Op grond van de stukken en het verhandelde ter zitting dient, voor zover van belang voor de beoordeling van de klacht, van het volgende te worden uitgegaan.

De klacht betreft de moeder van klager, mevrouw F, geboren op 21 oktober 1928, hierna te noemen patiënte. Klager klaagt met instemming van patiënte.

Patiënte kampte sinds anderhalf jaar met klachten van misselijkheid en nervositeit. Klager had met instemming van patiënte contact gezocht met verweerder. Patiënte werd op 9 juli 2012 door de huisarts verwezen naar verweerder voor een psychotherapeutische behandeling.

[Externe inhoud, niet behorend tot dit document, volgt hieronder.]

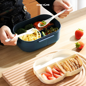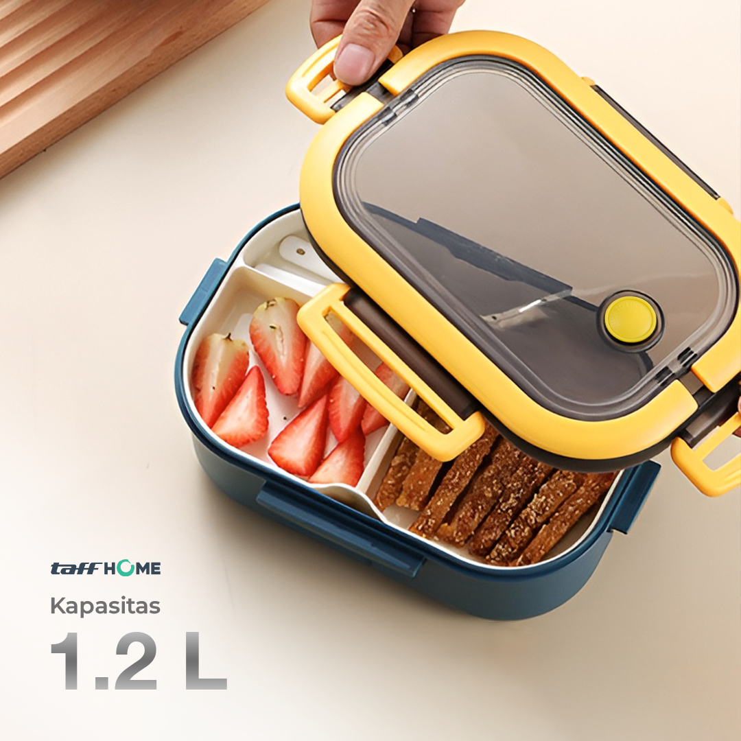 | Bawa Lebih Banyak Makanan Kotak makan HOMEFAVOR berkapasitas 1.2 L dengan 2 layer, masing-masing terdiri dari 3 grid. Memudahkan membawa berbagai jenis makanan secara terpisah, rapi, dan tetap terjaga. |

Klager maakte voor patiënte een afspraak voor een intakegesprek op 11 juli 2012. Voorafgaand aan het intakegesprek heeft klager een e-mail aan verweerder verzonden, waarin hij een beschrijving gaf van de situatie waarin patiënte verkeerde en wat naar zijn mening het doel van de therapie zou moeten zijn.

Bij het intakegesprek op 11 juli 2012 was klager aanwezig. Verweerder heeft naar aanleiding van het intakegesprek aantekeningen gemaakt en een behandelplan opgesteld. In het behandelplan, dat patiënte heeft ondertekend, beschreef verweerder de volgende diagnose: “300.81 somatisatie stoornis, trekken van ontwijkende pers.stoornis.”.

Het doel van de behandeling omschreef verweerder als volgt: “rustiger worden en van de misselijkheid afkomen.” Verweerder vermeldde voorts in het behandelplan dat hij cliëntgerichte psychotherapie als behandelvorm hanteerde, en dat de behandelfrequentie in eerste instantie wekelijks zou zijn. Voorts bevatte het behandelplan – kennelijk als standaardoverweging – de volgende passage: “De multidisciplinaire GGZ-richtlijn is geraadpleegd. Het strikt volgen van de richtlijn kan, in het licht van de problemen van cliënt, een te mager behandelaanbod zijn. Het risico, dat de cliënt na beëindiging van de behandeling terug zou vallen, kan te groot zijn. De onderliggende problematiek zou niet of niet voldoende aan bod komen.”

Op 9 augustus 2012 startte de behandeling van patiënte. Klager had voorafgaand aan deze behandeling verweerder een e-mail gestuurd om hem te informeren over de situatie van zijn moeder en om hem te vragen of hij bij een deel van het gesprek aanwezig kon zijn. Verweerder heeft klager bij e-mail d.d. 8 augustus 2012 geantwoord: “ Ik begrijp je zorgen. Maar je hebt mij op deze wijze al voldoende geïnformeerd. Ik vind het geen goed idee dat je komende afspraak mee komt. De therapie is voor je moeder. Daar moet niet óók nog eens gecontroleerd worden….”. Klager was niet aanwezig bij het gesprek op

9 augustus 2012.

De vervolgsessies van de behandeling vonden bij patiënte thuis plaats. Op 15 augustus 2012 voerde verweerder een tweede gesprek met patiënte. Na de derde afspraak op

22 augustus 2012, heeft verweerder geen vervolgafspraak met patiënte gemaakt. Begin oktober 2012 heeft klager contact opgenomen met verweerder omdat er nog geen vervolgafspraak had plaatsgevonden. Nadat verweerder zelf contact had opgenomen met patiënte vond een vervolggesprek plaats op 26 oktober 2012. Voorafgaand aan dit gesprek heeft klager bij e-mail d.d. 24 oktober 2012 zijn zorgen geuit over patiënte. Verweerder heeft niet op dit e-mailbericht gereageerd.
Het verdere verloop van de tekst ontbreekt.